Щеки ее порозовели, сейчас она именно та мать, о которой все говорят Ингеборге, — красивая и веселая, потому что все видят только это и ничего больше.
— Я сидела на встрече, — продолжает мать, — прости, пожалуйста, не видела твои сообщения, пока не собралась уходить!
Она снимает с плеча кожаную сумку — темно-красного цвета, точно такого, как оттенок помады на губах, и тонкое бежевое пальто. Ингеборга не понимает, почему у нее возникает чувство, что мать говорит неправду, не понимает, что именно ее так злит.

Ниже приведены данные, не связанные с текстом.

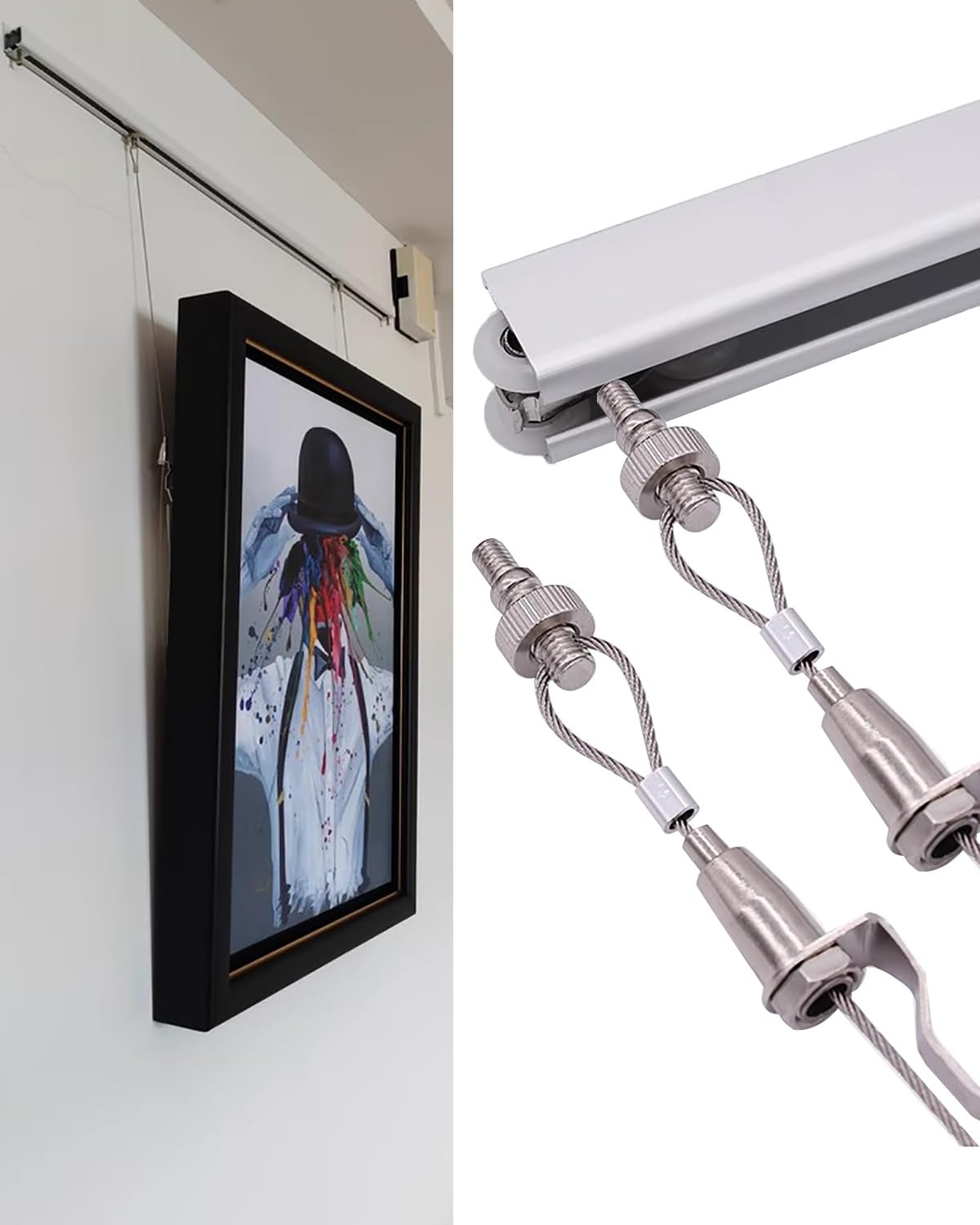 Vous pouvez l'ajuster librement selon vos besoins. Cimaise Tableau Sans Perçage STAS Windsor Rail (120cm) En Bois - Systeme D' Accrochage - Cimaises Pour Tableaux - Fil Transparent 150cm + Crochet Crochet De Moulure - Zipper + Kit Complet Rail Suspension Photo Invisible Lot de 12 crochets de suspension pour photos, 2 m × 1,5 mm, système de suspension pour photos, rails de suspension, max. Emballage inclus : vous recevrez 12 kits de suspension pour photos, dont 12 crochets de traction, 12 fils de cadre de 2 m de long de 1,5 mm de diamètre et... La quantité est suffisante pour répondre à vos besoins. Matériau durable : ce crochet pour cadre photo est fabriqué en acier inoxydable robuste avec des crochets plus épais pour une plus grande capacité de charge. Cimaise tableau plafond Artiteq - gamme complet pour fil transparent et... Emballage inclus : vous recevrez 12 kits de suspension pour photos, dont 12 crochets de traction, 12 fils de cadre de 2 m de long de 1,5 mm de diamètre et 12 crochets réglables. 40 kg, fil de suspension pour photos, crochets pour accrocher, peintures, œuvres d'art Caractéristiques : 1., Le matériau en acier inoxydable présente un éclat argenté classique avec des lignes simples et nettes., 2., Ce crochet de suspension est réglable en longueur et facile à utiliser, ce qui en fait le choix idéal pour accrocher des photos. Les deux crochets supportent jusqu'à 30 kg et ont une longue durée de vie. Kit cimaise H20 époxy blanc prêt-à-l'emploi pour fixation tableau avec fils transparent – Cimaises Civic Matériel: métal Paquet : 12 crochets pour photos. Design réglable : ce cordon de suspension pour photos est facile à régler en longueur pour s'adapter aux œuvres d'art et aux surfaces murales de différentes tailles.

Никто ведь не нарушил никаких договоренностей, они вообще ни о чем не договаривались.
— Давай садиться, — говорит Ингеборга, — или вы уже на встрече поели?
Мать отрицательно качает головой, наклоняется над блюдом, бормоча «м-м-м». Пропуск для прохода в банк, который прикреплен к лацкану ее пиджака, стучит о стол, там, на фотографии, она тоже улыбается — доброжелательно, серьезно и авторитетно, с ней бы любой с удовольствием обсудил контроль над личными расходами и выслушал мнение «Анне-Лине Викорен, старшего советника».